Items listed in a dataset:
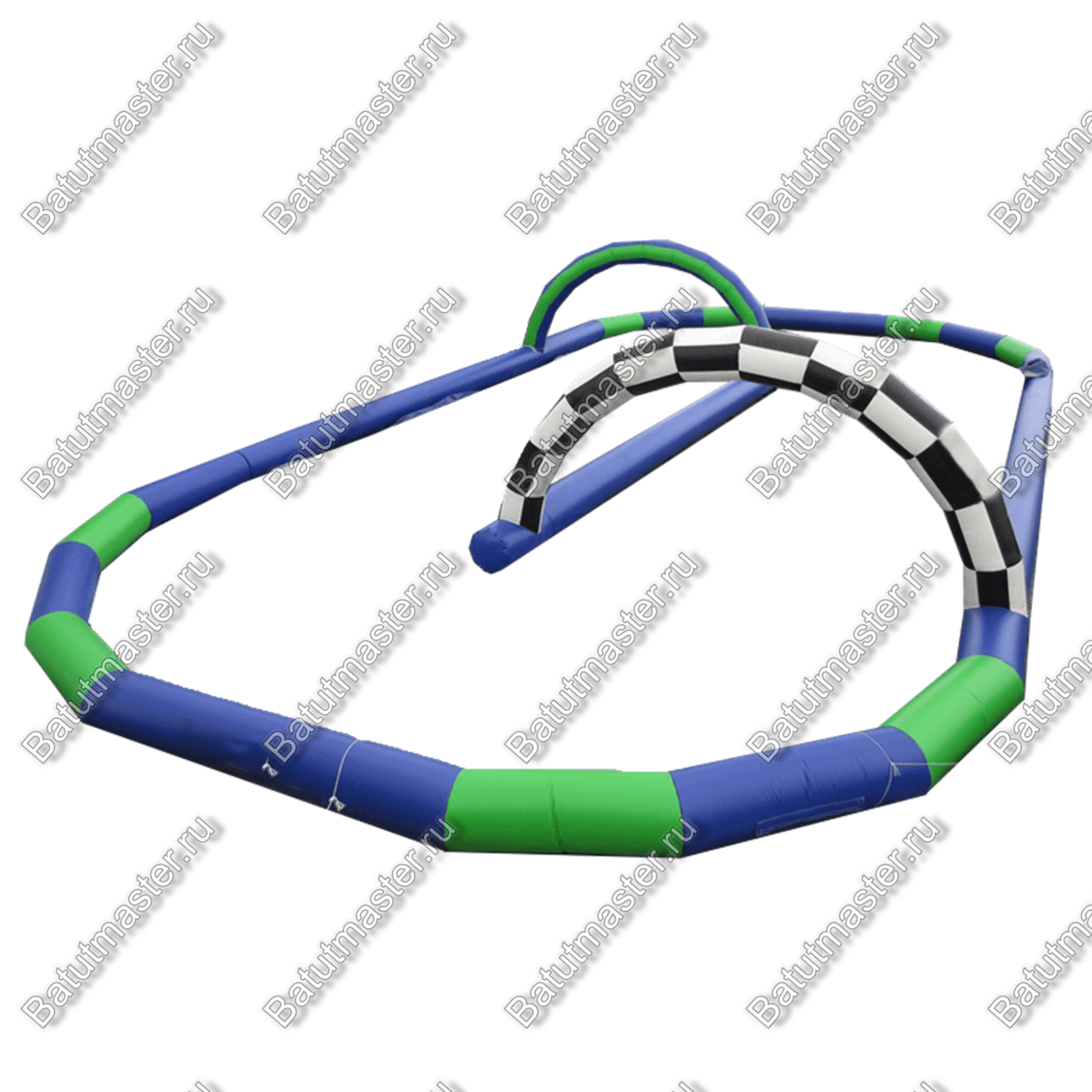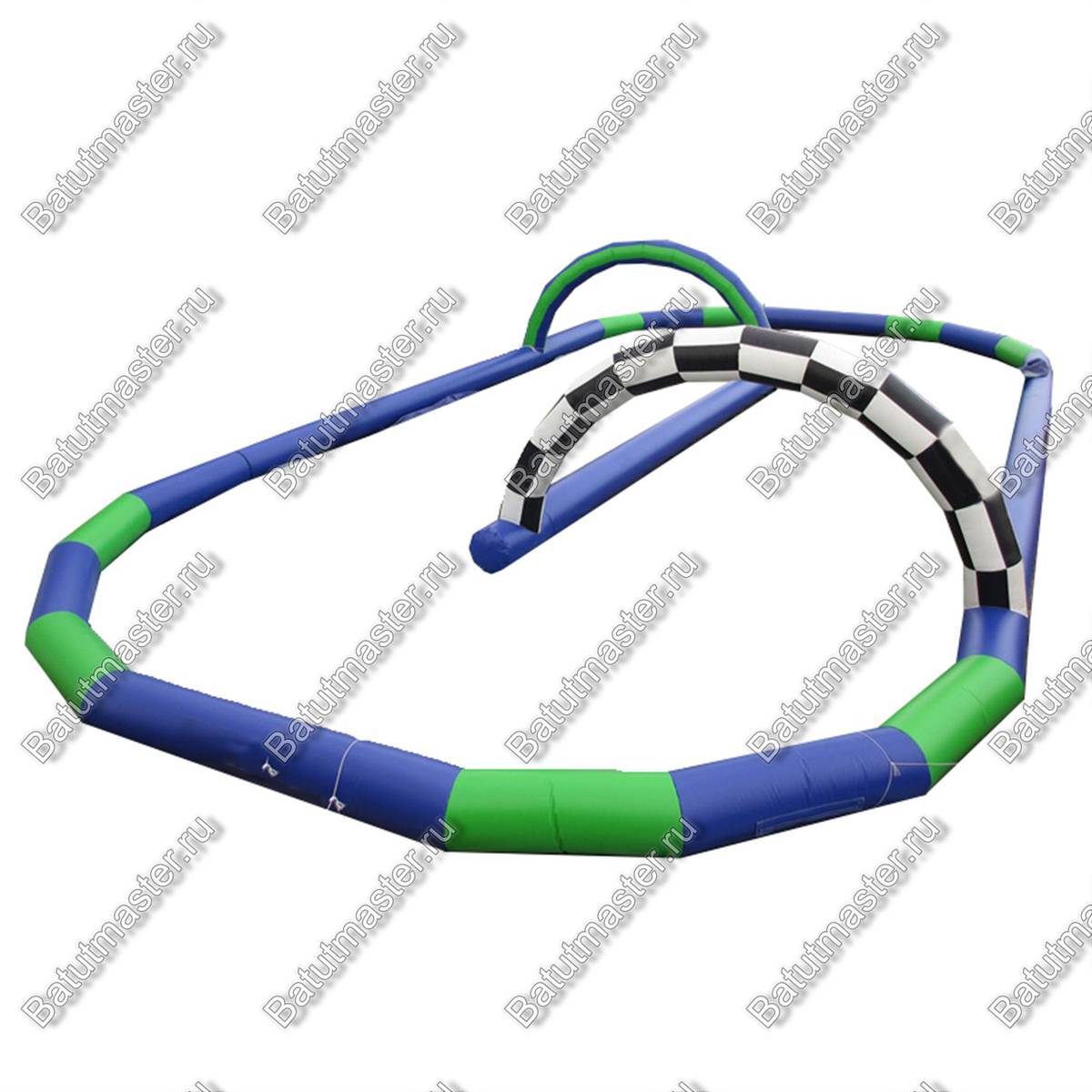 Надувная трасса сделана из прочного поливинилхлорида и остается цельной и неиспорченной, после того как в нее врежется машинка. Разноцветная окраска, имитирующая настоящую гоночную траекторию, делает конструкцию максимально реалистичной. Воздушные арки являются настоящим украшением атрибута для гонок.
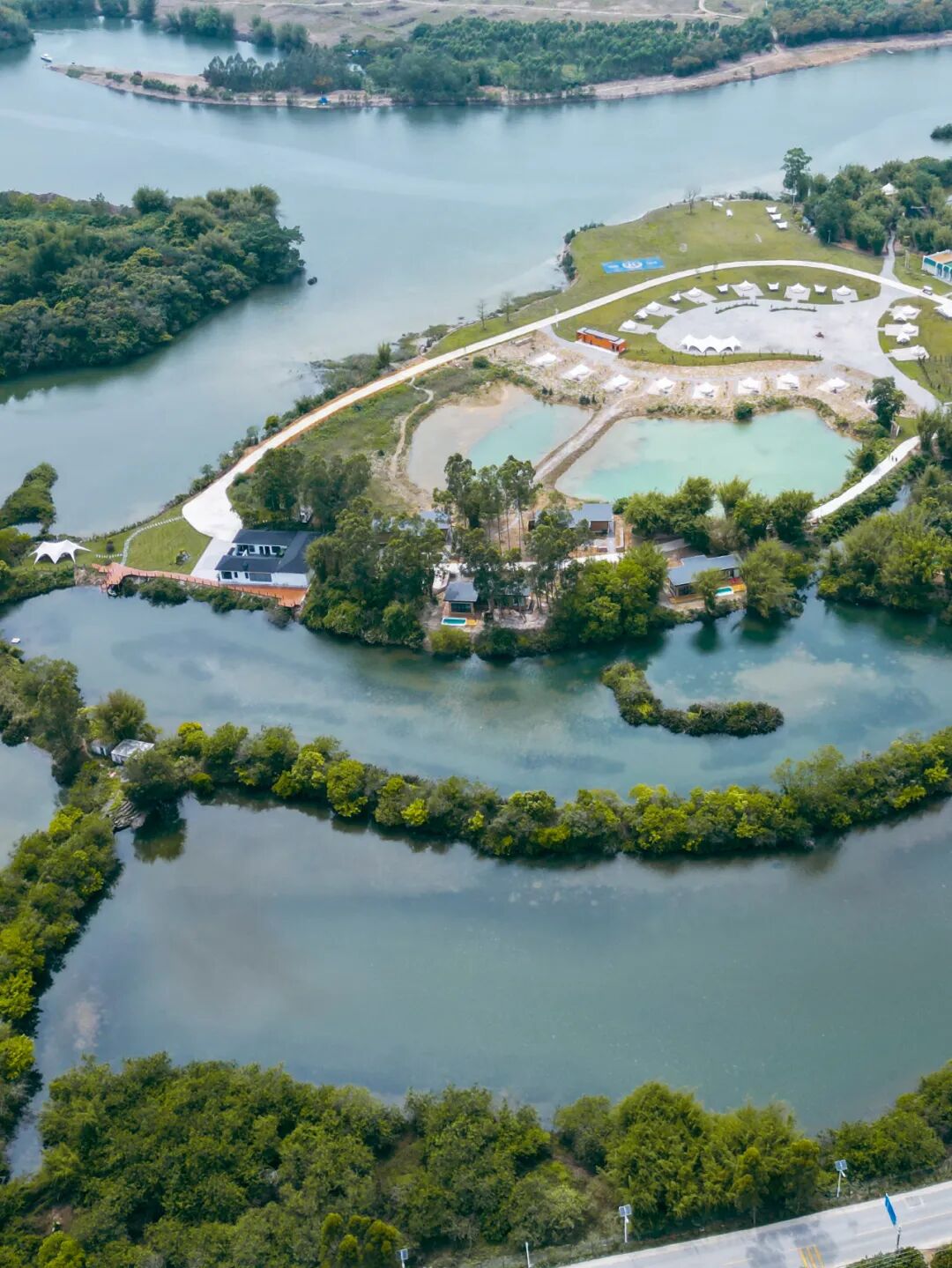 岛上各类设施一应俱全,民宿临水临树,睁开眼就是美丽的自然,露营帐篷支在草坪上,迎着月色烧烤、围炉煮茶,还备有双人皮筏艇、桨板等设备,可以泛舟水上,与鹭鸟相伴,与夕阳相依。
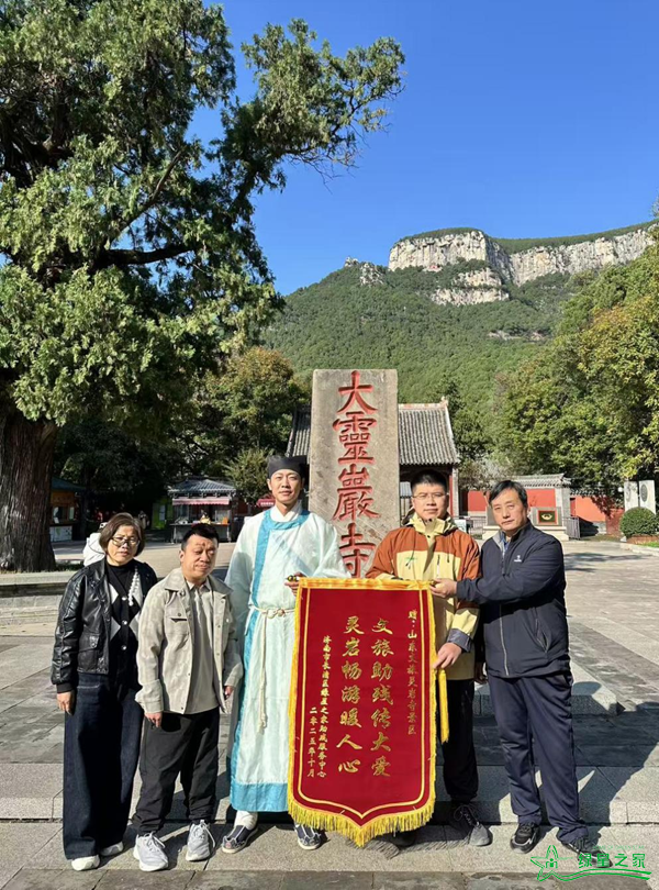 灵岩寺大客户经理吴振文、灵岩寺文旅推介官(网名:灵岩小书生)孙文章(左四、三)接受了绿星之家赠送的锦旗。
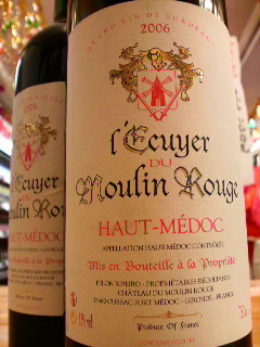 商品名:レキュイエ デュ ムーラン ルージュ ’06/赤生産国:フランス ボルドー地方 オーメドック地区 ブルジョワ級生産者:ファミーユ ペロン エ リベロブドウ品種:メルロー60%・カベルネ ソーヴィニヨン30% カベルネ フラン10%味わい:豊かな果実味と柔らかな喉越しのフルボディ価格:750ml ¥1,680 イイですよ~コレ。黒系果実とちょっぴりスパイシーな風味が絡み合う香り、ちょっと樽香もあるかなっていう感じです。しっかりしたコクを感じるのに柔らかな余韻がなんとも ファンタースティック!! 実はコレ「シャトー ムーラン ルージュ」ていうワインのセカンドです。 セカンドっていうのは各シャトーの持っているトップ銘柄に次ぐモノで、主に若木(樹齢15年ぐらい)のブドウを使っています。しかし、醸造はトップ銘柄と同じなのである意味お買い得! しかも!このワイン、あの!毒舌ワイン評論家ロバート パーカーJr.が大のお気に入りワインとして紹介しているのです! コレ、一飲の価値アリアリの逸品ですよ! ぜひ!(`・ω´・)v
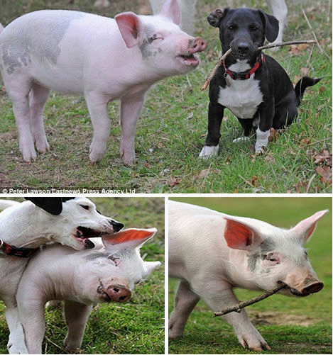 某野生救助中心救下了一只生病的5周大的小猪布鲁邓斯(Prudence),那时,她的主人决定开枪杀了她。布鲁邓斯还是那么的小,救助中心的救护人员把它放在了房子附近。意外的是布鲁邓斯竟然挤进了六只小狗的世界。不久布鲁邓斯就与其中一只小狗亨利的关系密切。布鲁邓斯似乎把自己当成了狗,总是蹦蹦跳跳,追赶和取回树枝。夜里,布鲁邓斯蜷缩在小狗中间,恬然入梦。融入是友谊的真谛。
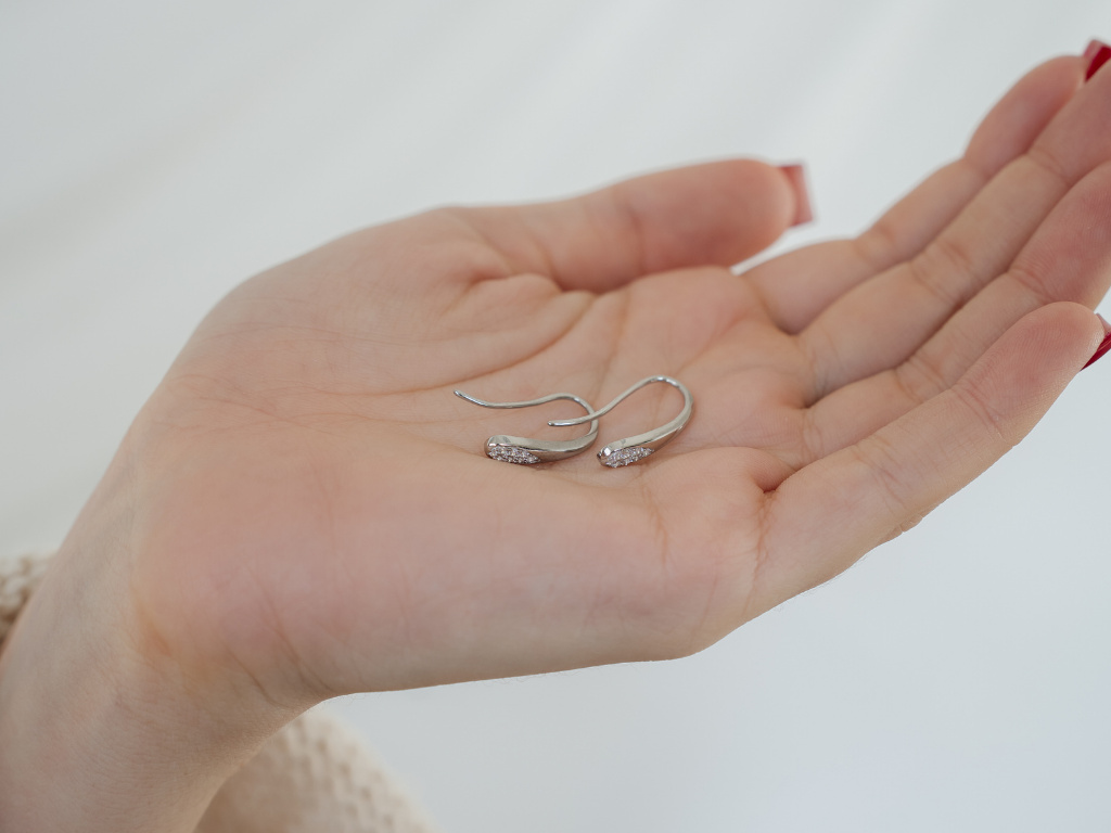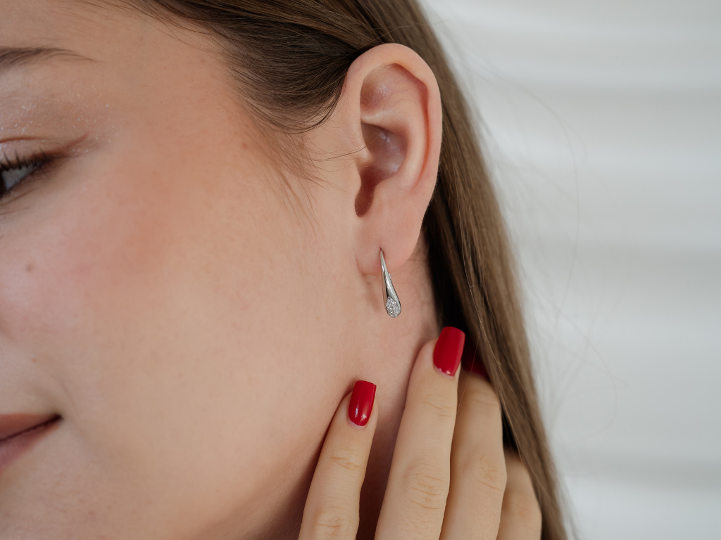 Náušnice sú vyrobené zo striebra 925/1000 a sú označené puncovou značkou rýdzosti.

■ **Prompt**
Retype each line above exactly and leave out any picture.

■ **Reply to the task**
 Надувная трасса сделана из прочного поливинилхлорида и остается цельной и неиспорченной, после того как в нее врежется машинка. Разноцветная окраска, имитирующая настоящую гоночную траекторию, делает конструкцию максимально реалистичной. Воздушные арки являются настоящим украшением атрибута для гонок.
 岛上各类设施一应俱全,民宿临水临树,睁开眼就是美丽的自然,露营帐篷支在草坪上,迎着月色烧烤、围炉煮茶,还备有双人皮筏艇、桨板等设备,可以泛舟水上,与鹭鸟相伴,与夕阳相依。
 灵岩寺大客户经理吴振文、灵岩寺文旅推介官(网名:灵岩小书生)孙文章(左四、三)接受了绿星之家赠送的锦旗。
 商品名:レキュイエ デュ ムーラン ルージュ ’06/赤生産国:フランス ボルドー地方 オーメドック地区 ブルジョワ級生産者:ファミーユ ペロン エ リベロブドウ品種:メルロー60%・カベルネ ソーヴィニヨン30% カベルネ フラン10%味わい:豊かな果実味と柔らかな喉越しのフルボディ価格:750ml ¥1,680 イイですよ~コレ。黒系果実とちょっぴりスパイシーな風味が絡み合う香り、ちょっと樽香もあるかなっていう感じです。しっかりしたコクを感じるのに柔らかな余韻がなんとも ファンタースティック!! 実はコレ「シャトー ムーラン ルージュ」ていうワインのセカンドです。 セカンドっていうのは各シャトーの持っているトップ銘柄に次ぐモノで、主に若木(樹齢15年ぐらい)のブドウを使っています。しかし、醸造はトップ銘柄と同じなのである意味お買い得! しかも!このワイン、あの!毒舌ワイン評論家ロバート パーカーJr.が大のお気に入りワインとして紹介しているのです! コレ、一飲の価値アリアリの逸品ですよ! ぜひ!(`・ω´・)v
 某野生救助中心救下了一只生病的5周大的小猪布鲁邓斯(Prudence),那时,她的主人决定开枪杀了她。布鲁邓斯还是那么的小,救助中心的救护人员把它放在了房子附近。意外的是布鲁邓斯竟然挤进了六只小狗的世界。不久布鲁邓斯就与其中一只小狗亨利的关系密切。布鲁邓斯似乎把自己当成了狗,总是蹦蹦跳跳,追赶和取回树枝。夜里,布鲁邓斯蜷缩在小狗中间,恬然入梦。融入是友谊的真谛。
 Náušnice sú vyrobené zo striebra 925/1000 a sú označené puncovou značkou rýdzosti.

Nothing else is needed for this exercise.